How to disable SSLv3 in Apache

The original is from WeChat official account. ： Beauty of operation and maintenance , An official account of a rising posture. ！

Preface ：SSLv3 Loophole （CVE-2014-3566）,SSL3.0 Version is considered unsafe . It USES RC4 Encryption or CBC Mode encryption , The former is vulnerable to deviation attacks , The latter can lead to POODLE attack , In the production environment , This vulnerability is often scanned , For this vulnerability , need apache Server side deactivation SSLv3 agreement .

One 、 Environmental preparation

understand SSL and TLS：http In the process of data transmission, plaintext is used , To solve this problem https emerge as the times require ,ssl Is based on https Encryption protocol for . When ssl Update to 3.0 After version ,IETF（ Internet Engineering Task Force ） Yes ssl3.0 Standardized , The standardized agreement is TLS1.0, So TLS yes SSL The product of standardization ,TLS The current is 1.0 ,1.1,1.2 Three versions , By default 1.0, Here we are ssl and TLS With a basic understanding .

• web Server support TLS1.2 The required server running environment :

Apache The corresponding version should >=2.2.23;
OpenSSL The corresponding version should >= 1.0.1

• View the current server apache edition

[[email protected] conf.d]# httpd -v
Server version: Apache/2.4.29 (Unix)
Server built:   Jan 22 2018 16:51:25

• openssl edition

[[email protected] conf.d]# openssl version
OpenSSL 1.0.1e-fips 11 Feb 2013

Two 、 Environmental rectification

Test domain names with security vulnerabilities , As follows sslv3 Access can return information normally , An attacker may use this vulnerability to compromise the system .

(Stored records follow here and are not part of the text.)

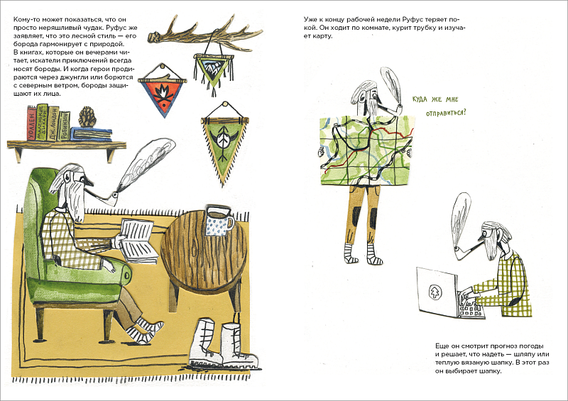 Руфус живет в городе, но его борода пахнет хвоей, дымом костра и ежевичным чаем. Каждую неделю он ждет не дождется выходных, чтобы отправиться на природу. Он точно знает, что нужно взять с собой в поход, и очень не любит тех, кто оставляет мусор в лесу.
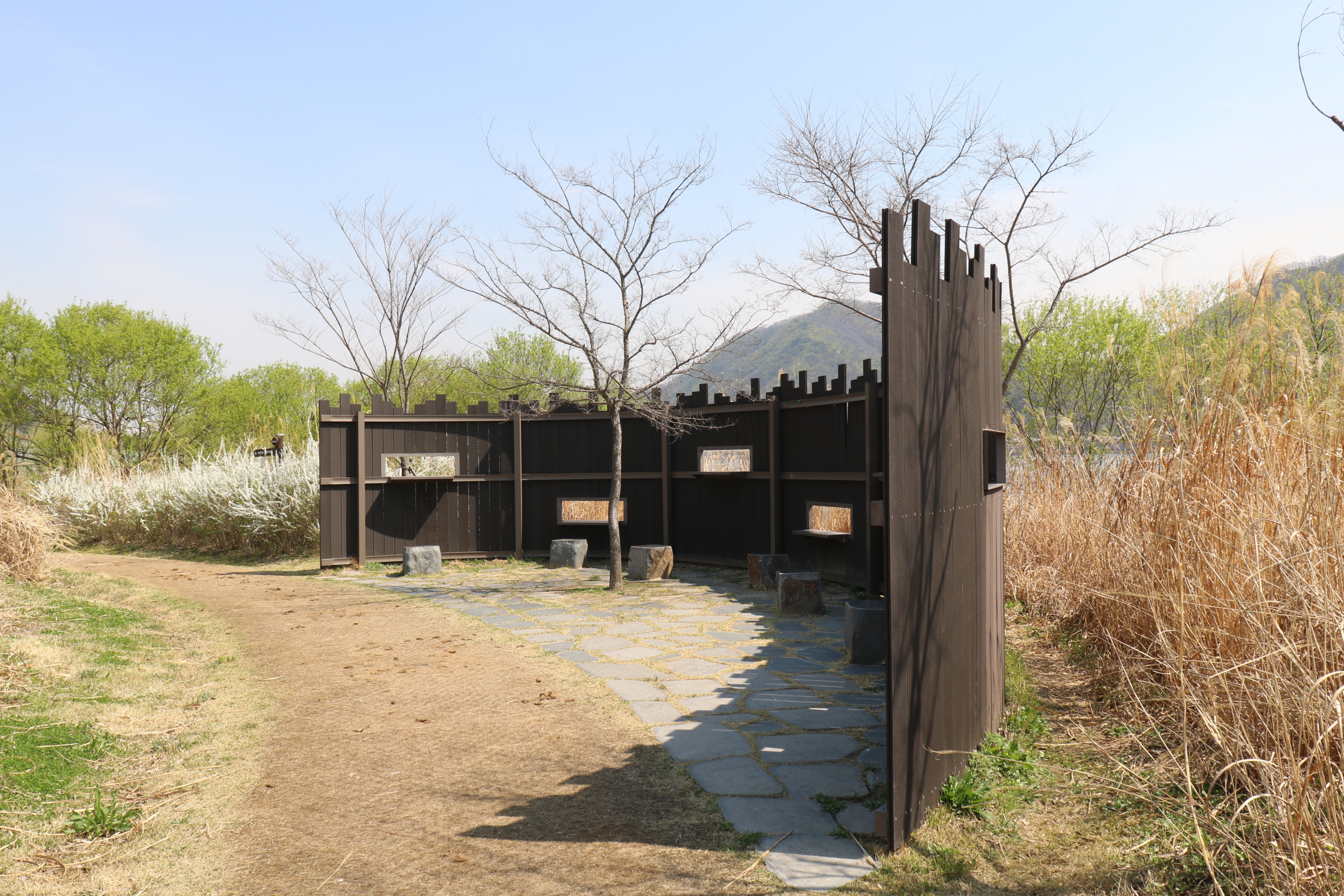 조류관찰대입니다. 마음정원에는 말똥가리, 쇠백로, 중대백로, 큰왕눈물떼새, 왜가리, 흰뺨검둥오리, 청둥오리, 쇠오리 등이 서식하고 있습니다. 그만큼 자연이 깨끗하다는 방증입니다. 이곳에서 아이들이 책에서만 배우던 조류를 직접 볼 수 있겠네요. 조류를 관찰하려면 큰 소리로 떠들면 새들이 다 도망가겠죠.
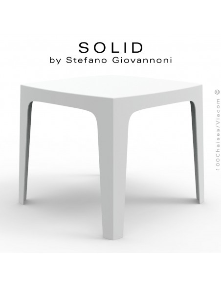 Table SOLID, pour repas ou dîner en extérieur, stucture et piétement 4 pieds en plastique couleur blanche.
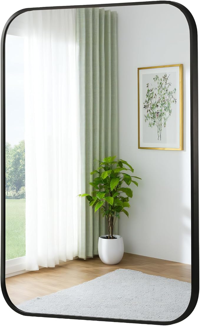 FARMER 26x38 Inch Black Bathroom Mirror, Rectangle Vanity Mirror, Brushed Mirrors for Wall, Metal Frame Hanging Mirror with Round Corner for Bedrooms, Entryways, Living Rooms, Horizontal/Vertical
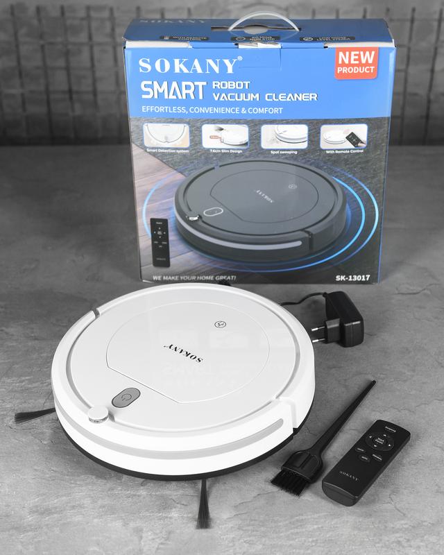 Робот-пылесос Sokany SK-13017 - ваш незаменимый помощник в ежедневной уборке. Благодаря компактным размерам и высоте всего 6 см, это устройство легко проникает в труднодоступные места, гарантируя качественную очистку. Оснащенный двумя боковыми щетками и салфеткой из микрофибры, он эффективно удаляет пыль, песок и шерсть животных с твердых поверхностей и ковровых покрытий. Этот пылесос имеет 4 режима уборки, что позволяет выбрать оптимальный вариант в зависимости от ваших потребностей. Управление роботом очень простое: пульт дистанционного управления позволяет удобно настраивать работу пылесоса, а на корпусе есть кнопка включения/выключения для мгновенного старта. Sokany SK-13017 оснащен мощным аккумулятором, обеспечивающим до 80 минут непрерывной работы, что позволяет эффективно убрать помещение площадью 90-120 кв.м. Зарядка устройства осуществляется с помощью блока питания, который входит в комплект. Основные преимущества: Компактные размеры: Легко достигает труднодоступных мест. Четыре режима уборки: Четыре режима уборки: Гибкость при выборе оптимального способа очистки. Длительное время работы: Аккумулятор обеспечивает до 80 минут непрерывной работы для больших площадей. Характеристики: * Управление: пульт ДУ * Количество режимов уборки: 4 * Емкость аккумулятора: 1500 ма*ч * Время работы на одном заряде: 80 мин * Час зарядки: 5 годин * Вес: 1.9 кг * Размеры: 32.5*32.5*8 см * Гарантийный срок: 3 мес * Насадки: 2 боковые щетки, салфетка из микрофибры * Мощность: 2000 Вт * Режимы уборки: Точечный (spot), автоматический, случайный, ручной * Комплектация: Робот-пылесос, Пульт ДУ, 2 боковые щетки, Блок для зарядки, Инструкция
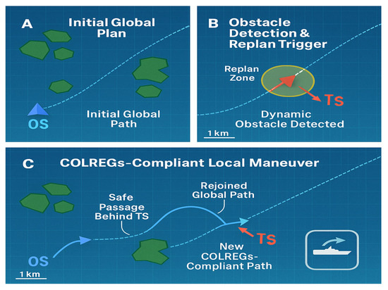 Autonomous maritime navigation is fundamentally a multi-scale decision-making problem, requiring both long-term strategic planning and short-term tactical maneuvering. Consequently, hybrid architectures that decouple these two tasks have become a prominent research direction. At the global planning level, graph-search algorithms, particularly A* and D* variants, are widely employed due to their efficiency and completeness guarantees. The D* Lite algorithm, in particular, is well-suited for dynamic environments, as it can incrementally update paths in response to newly discovered obstacles without requiring a full replan, thus saving significant computational resources [7]. Recent efforts have sought to enhance D* by incorporating adaptive weighting for heuristics to balance speed and optimality or by integrating potential field methods for smoother local obstacle avoidance [8]. However, these classical planners often operate on a simplified world model and struggle to handle complex, unmodeled interactions with multiple dynamic agents. This limitation necessitates a more sophisticated local control module.
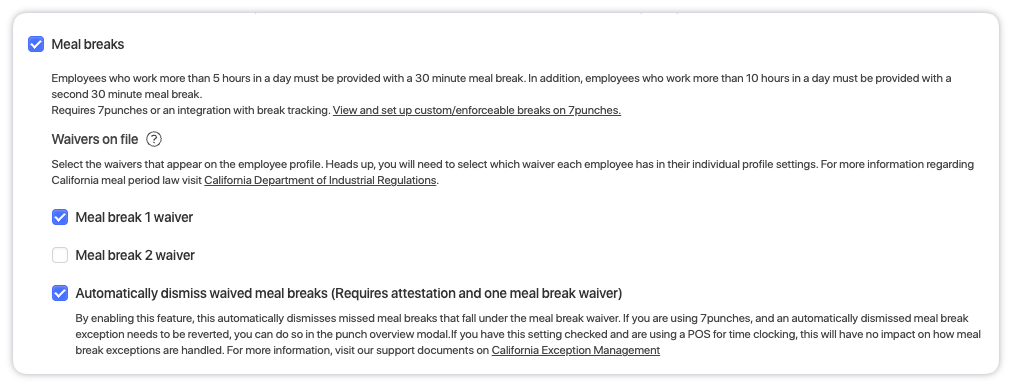 To ensure California meal break compliance, enable California Labor Compliance, turn on Employee Attestation, and use the Labor Exceptions Report to review and process any required meal break penalty pay. California law requires employers to pay one additional hour of regular-rate pay for each day a legally required meal break is not provided correctly.
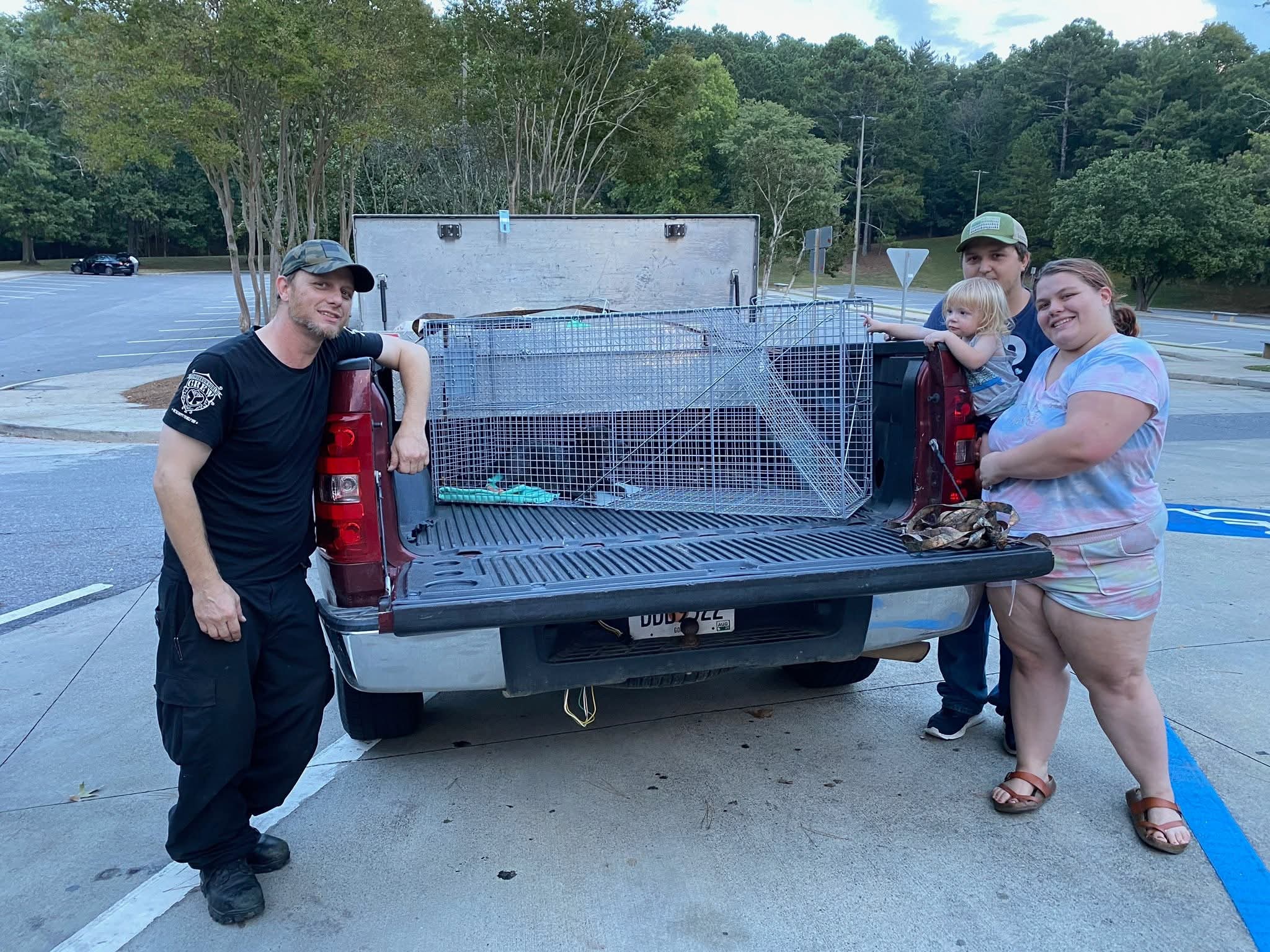 In a fortunate turn of events, one of our volunteers, Charlie, happened to stop by with his truck, allowing us to load the trap for transport. Charlie and his family then drove the truck to the rescue, where we ensured the dog’s safety overnight.
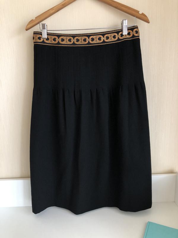 Спідниця Celine. Вишитий пояс . Фірмова підкладка . Розмір 42. Бирки зі складом немає. Стан ідеальний . Пояс 39 см, довжина 69 см, ширина по середині під поясом 44 див. В стегнах йде вільної ( ширина по підкладці 53 см ).
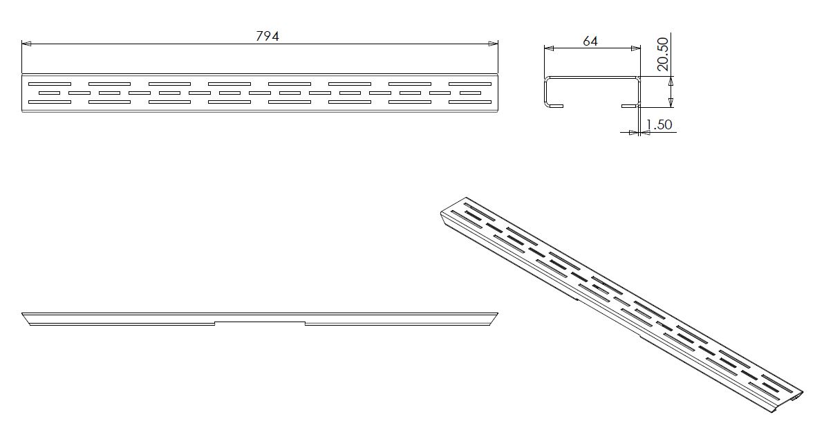 Cette grille est spécialement fabriquée pour les caniveaux de douche de troisième génération de 80 cm avec bride, vous garantissant une connexion sans faille. Les dimensions sont soigneusement adaptées à la taille standard, vous permettant de poser la grille sans difficulté. Grâce à la conception réfléchie avec bride, la grille reste solidement en place et est facile à retirer pour le nettoyage ou l'entretien. Ainsi, vous maintenez votre caniveau de douche toujours propre et sans obstruction, ce qui contribue à un écoulement optimal et à un environnement de salle de bains frais.
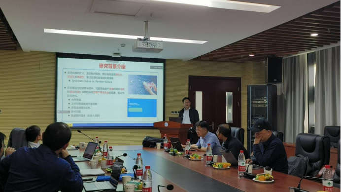 紧接着是来自武汉理工大学的向剑文教授作题为软件老化的主题报告,展示了一些由于软件老化导致的事故案例和现阶段研究的不足,并介绍了一些软件老化的对策以及他们团队提出的软件抗衰模型。
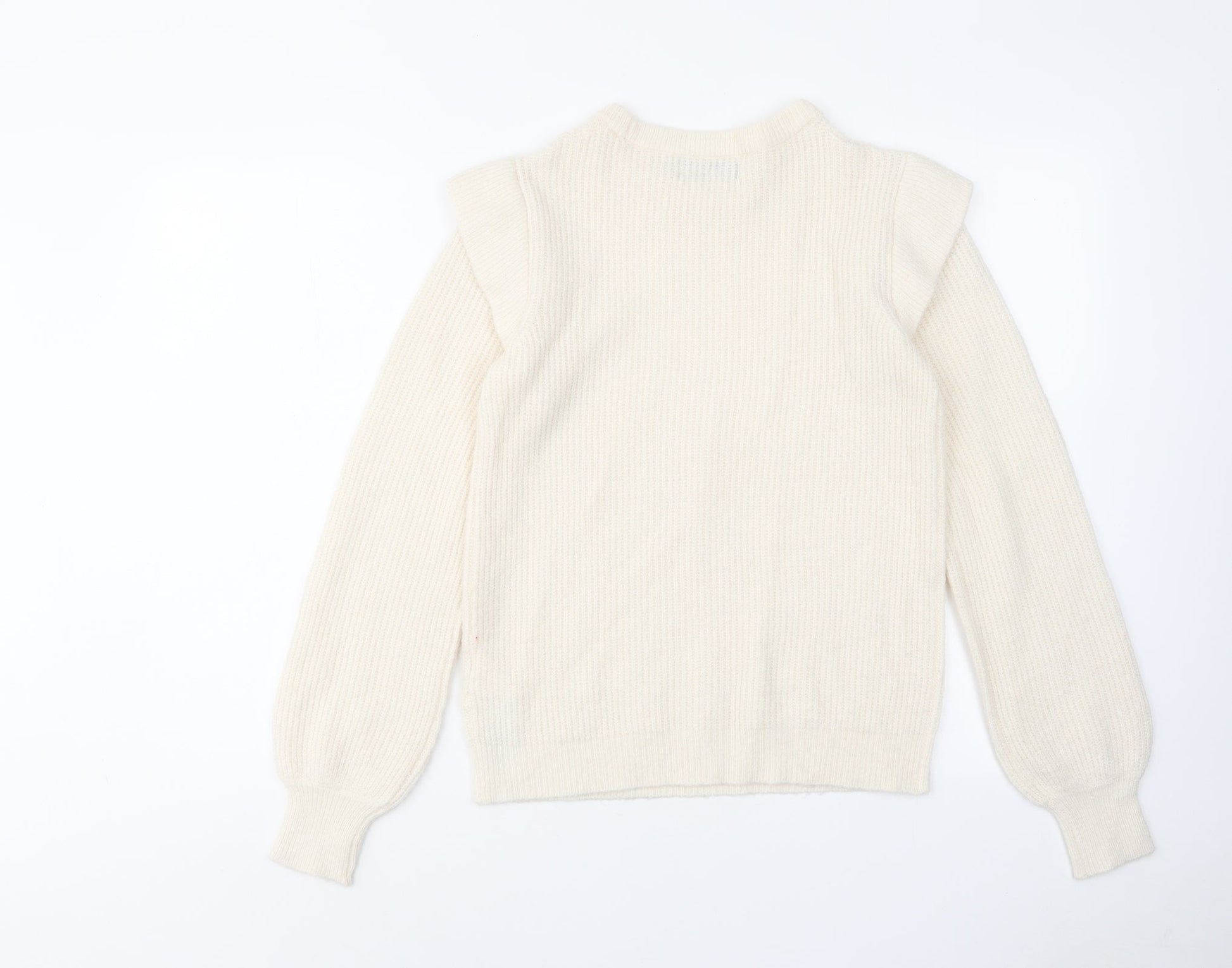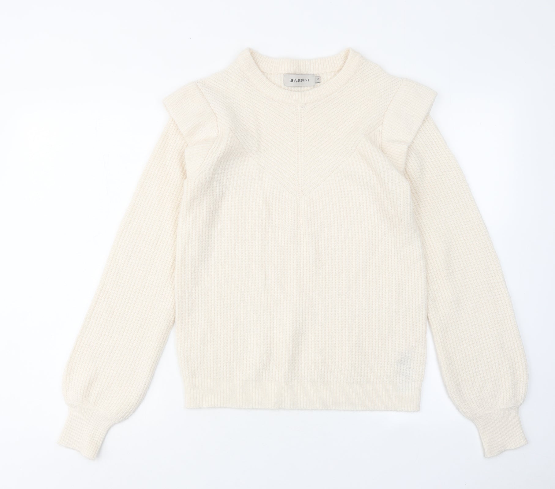 BASSINI Womens Ivory Round Neck Acrylic Pullover Jumper Size S
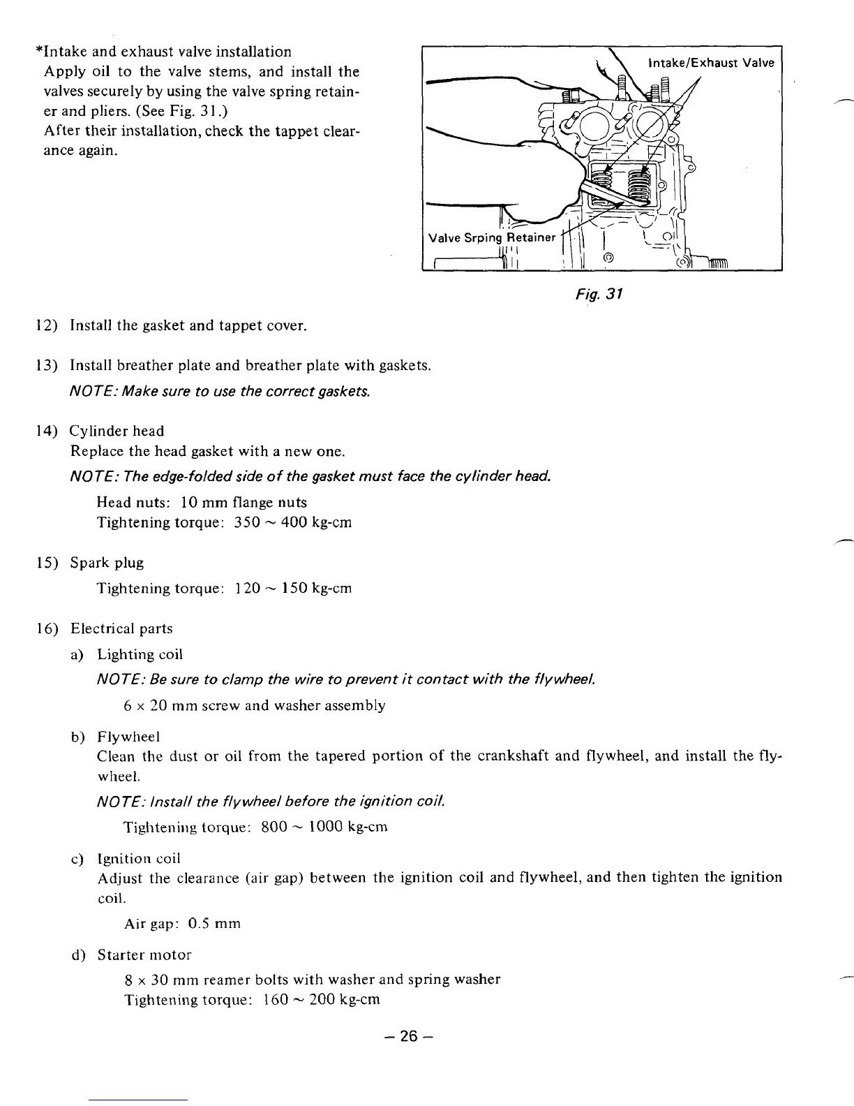 Adjust the clearance (air gap) between the ignition coil and flywheel, and then tighten the ignition
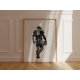 Watercolor-style artwork depicting a male American football player in uniform, captured in a strong and confident stance. dynamic silhouette create a striking design that emphasizes strength and movement. Ideal as a poster for sports enthusiasts or athletic-themed decor.

[[email protected] conf.d]# curl  --sslv3 https://cs.df230.xyz/test/api/configs/fedch/all
{
  "overdue" : false,
  "success" : true,
  "errorCode" : null,
  "message" : " The request is successful ",
  "data" : {
    "global" : {
      "copyright" : " Feature list ",
}

apache The default support SSLv3,TLSv1,TLSv1.1,TLSv1.2 agreement

( notes ：ssl The function needs to be in http.conf Enable LoadModule ssl_module modules/mod_ssl.so)

apache The default configuration is as follows

SSLProtocol All -SSLv2

Entry directory /usr/local/apache/conf/extra

vi modify ssl.conf Follow the configuration below , The purpose is to close sslv3 agreement

SSLEngine on
SSLProtocol all -SSLv2 -SSLv3
SSLProtocol TLSv1.2

After the configuration is saved , need service httpd restart restart apache Make configuration effective

The test again sslv3 visit , cannot access

[[email protected] conf.d]# curl  --sslv3 https://cs.df230.xyz/test/api/configs/fedch/al
curl: (35) SSL connect error

adopt google browser F12 Enter development mode , You can see how the browser accesses the current domain name ssl Agreement for TLS1.2.

thus , Vulnerability rectification completed ,so easy！

More articles , Please follow the WeChat public account “ Beauty of operation and maintenance ”！